To do: Restate every line of the material below word for word, skipping the images.

Recorded information:
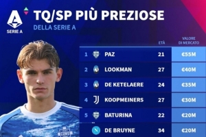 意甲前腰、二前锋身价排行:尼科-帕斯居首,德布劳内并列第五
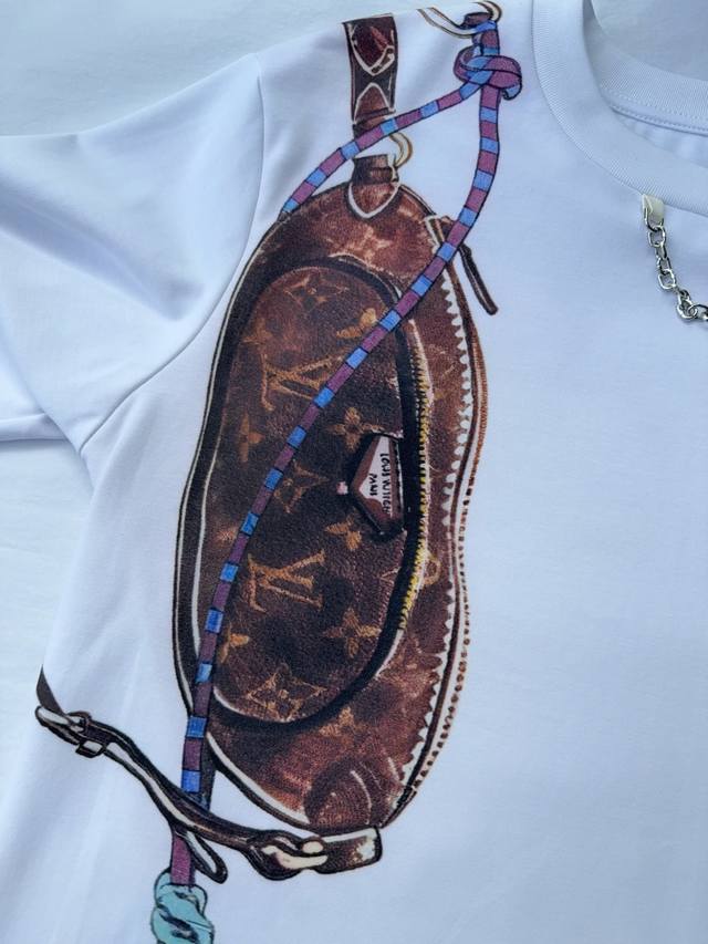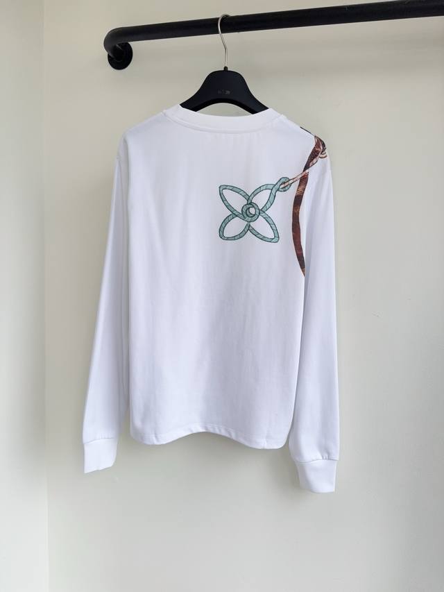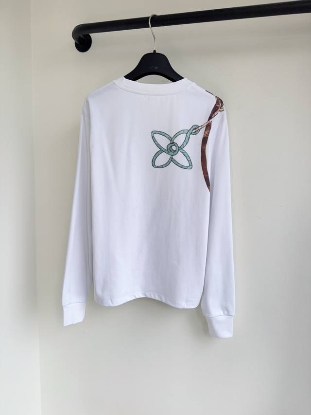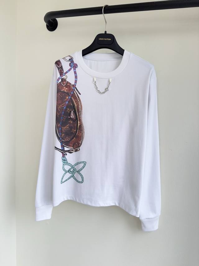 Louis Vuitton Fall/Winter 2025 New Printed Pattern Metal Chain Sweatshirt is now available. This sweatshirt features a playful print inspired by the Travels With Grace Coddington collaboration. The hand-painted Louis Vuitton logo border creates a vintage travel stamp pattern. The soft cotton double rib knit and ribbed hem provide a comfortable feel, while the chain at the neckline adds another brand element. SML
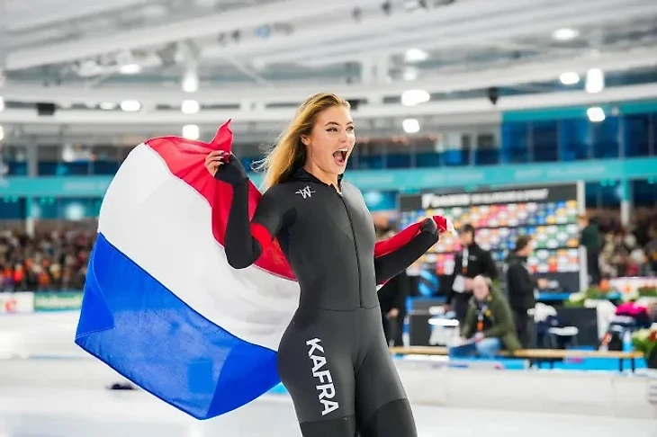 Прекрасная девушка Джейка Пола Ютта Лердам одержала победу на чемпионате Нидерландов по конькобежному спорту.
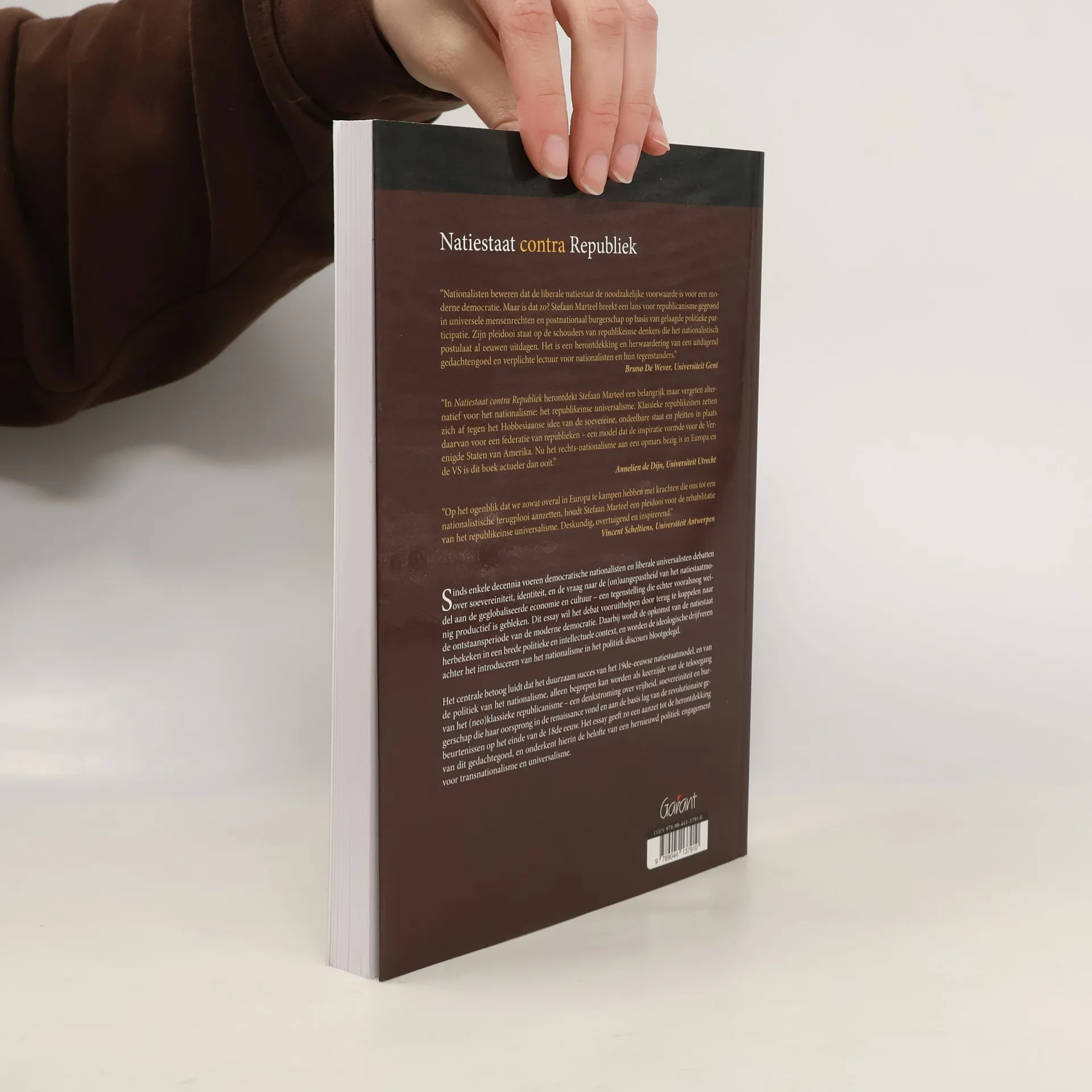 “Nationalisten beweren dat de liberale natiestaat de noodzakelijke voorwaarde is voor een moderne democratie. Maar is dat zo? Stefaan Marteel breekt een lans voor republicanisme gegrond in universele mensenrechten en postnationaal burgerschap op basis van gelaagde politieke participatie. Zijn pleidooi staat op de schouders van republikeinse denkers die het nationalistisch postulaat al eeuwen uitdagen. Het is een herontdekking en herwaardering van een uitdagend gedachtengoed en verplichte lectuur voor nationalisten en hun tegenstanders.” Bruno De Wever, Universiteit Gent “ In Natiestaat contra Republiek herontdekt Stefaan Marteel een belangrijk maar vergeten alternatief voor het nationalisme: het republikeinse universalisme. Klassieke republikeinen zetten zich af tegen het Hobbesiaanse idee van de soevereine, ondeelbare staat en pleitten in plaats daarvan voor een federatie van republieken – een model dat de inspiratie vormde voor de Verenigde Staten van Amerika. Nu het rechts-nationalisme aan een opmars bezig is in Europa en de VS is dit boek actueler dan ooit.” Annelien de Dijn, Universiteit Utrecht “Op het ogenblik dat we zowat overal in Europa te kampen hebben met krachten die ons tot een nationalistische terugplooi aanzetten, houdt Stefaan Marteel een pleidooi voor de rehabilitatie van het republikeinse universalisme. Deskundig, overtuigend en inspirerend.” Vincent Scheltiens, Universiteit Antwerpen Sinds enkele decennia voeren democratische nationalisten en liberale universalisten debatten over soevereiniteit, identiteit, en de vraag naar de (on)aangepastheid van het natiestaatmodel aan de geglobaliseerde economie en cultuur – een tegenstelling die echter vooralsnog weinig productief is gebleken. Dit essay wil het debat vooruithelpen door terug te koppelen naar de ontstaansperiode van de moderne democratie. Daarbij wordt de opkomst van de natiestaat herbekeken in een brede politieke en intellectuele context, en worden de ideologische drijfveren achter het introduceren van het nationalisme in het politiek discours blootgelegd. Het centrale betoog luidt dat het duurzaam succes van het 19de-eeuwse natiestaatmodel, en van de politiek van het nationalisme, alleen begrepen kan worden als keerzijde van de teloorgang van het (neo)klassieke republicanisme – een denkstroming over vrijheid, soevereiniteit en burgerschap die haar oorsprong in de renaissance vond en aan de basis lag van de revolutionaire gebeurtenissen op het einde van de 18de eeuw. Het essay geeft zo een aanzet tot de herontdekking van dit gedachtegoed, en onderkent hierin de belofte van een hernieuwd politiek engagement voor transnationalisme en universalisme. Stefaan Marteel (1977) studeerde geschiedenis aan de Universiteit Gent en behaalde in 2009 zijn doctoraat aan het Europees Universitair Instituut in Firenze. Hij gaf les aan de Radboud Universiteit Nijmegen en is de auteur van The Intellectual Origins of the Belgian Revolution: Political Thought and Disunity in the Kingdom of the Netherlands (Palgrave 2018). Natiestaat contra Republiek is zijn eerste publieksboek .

Output:
 意甲前腰、二前锋身价排行:尼科-帕斯居首,德布劳内并列第五
 Louis Vuitton Fall/Winter 2025 New Printed Pattern Metal Chain Sweatshirt is now available. This sweatshirt features a playful print inspired by the Travels With Grace Coddington collaboration. The hand-painted Louis Vuitton logo border creates a vintage travel stamp pattern. The soft cotton double rib knit and ribbed hem provide a comfortable feel, while the chain at the neckline adds another brand element. SML
 Прекрасная девушка Джейка Пола Ютта Лердам одержала победу на чемпионате Нидерландов по конькобежному спорту.
 “Nationalisten beweren dat de liberale natiestaat de noodzakelijke voorwaarde is voor een moderne democratie. Maar is dat zo? Stefaan Marteel breekt een lans voor republicanisme gegrond in universele mensenrechten en postnationaal burgerschap op basis van gelaagde politieke participatie. Zijn pleidooi staat op de schouders van republikeinse denkers die het nationalistisch postulaat al eeuwen uitdagen. Het is een herontdekking en herwaardering van een uitdagend gedachtengoed en verplichte lectuur voor nationalisten en hun tegenstanders.” Bruno De Wever, Universiteit Gent “ In Natiestaat contra Republiek herontdekt Stefaan Marteel een belangrijk maar vergeten alternatief voor het nationalisme: het republikeinse universalisme. Klassieke republikeinen zetten zich af tegen het Hobbesiaanse idee van de soevereine, ondeelbare staat en pleitten in plaats daarvan voor een federatie van republieken – een model dat de inspiratie vormde voor de Verenigde Staten van Amerika. Nu het rechts-nationalisme aan een opmars bezig is in Europa en de VS is dit boek actueler dan ooit.” Annelien de Dijn, Universiteit Utrecht “Op het ogenblik dat we zowat overal in Europa te kampen hebben met krachten die ons tot een nationalistische terugplooi aanzetten, houdt Stefaan Marteel een pleidooi voor de rehabilitatie van het republikeinse universalisme. Deskundig, overtuigend en inspirerend.” Vincent Scheltiens, Universiteit Antwerpen Sinds enkele decennia voeren democratische nationalisten en liberale universalisten debatten over soevereiniteit, identiteit, en de vraag naar de (on)aangepastheid van het natiestaatmodel aan de geglobaliseerde economie en cultuur – een tegenstelling die echter vooralsnog weinig productief is gebleken. Dit essay wil het debat vooruithelpen door terug te koppelen naar de ontstaansperiode van de moderne democratie. Daarbij wordt de opkomst van de natiestaat herbekeken in een brede politieke en intellectuele context, en worden de ideologische drijfveren achter het introduceren van het nationalisme in het politiek discours blootgelegd. Het centrale betoog luidt dat het duurzaam succes van het 19de-eeuwse natiestaatmodel, en van de politiek van het nationalisme, alleen begrepen kan worden als keerzijde van de teloorgang van het (neo)klassieke republicanisme – een denkstroming over vrijheid, soevereiniteit en burgerschap die haar oorsprong in de renaissance vond en aan de basis lag van de revolutionaire gebeurtenissen op het einde van de 18de eeuw. Het essay geeft zo een aanzet tot de herontdekking van dit gedachtegoed, en onderkent hierin de belofte van een hernieuwd politiek engagement voor transnationalisme en universalisme. Stefaan Marteel (1977) studeerde geschiedenis aan de Universiteit Gent en behaalde in 2009 zijn doctoraat aan het Europees Universitair Instituut in Firenze. Hij gaf les aan de Radboud Universiteit Nijmegen en is de auteur van The Intellectual Origins of the Belgian Revolution: Political Thought and Disunity in the Kingdom of the Netherlands (Palgrave 2018). Natiestaat contra Republiek is zijn eerste publieksboek .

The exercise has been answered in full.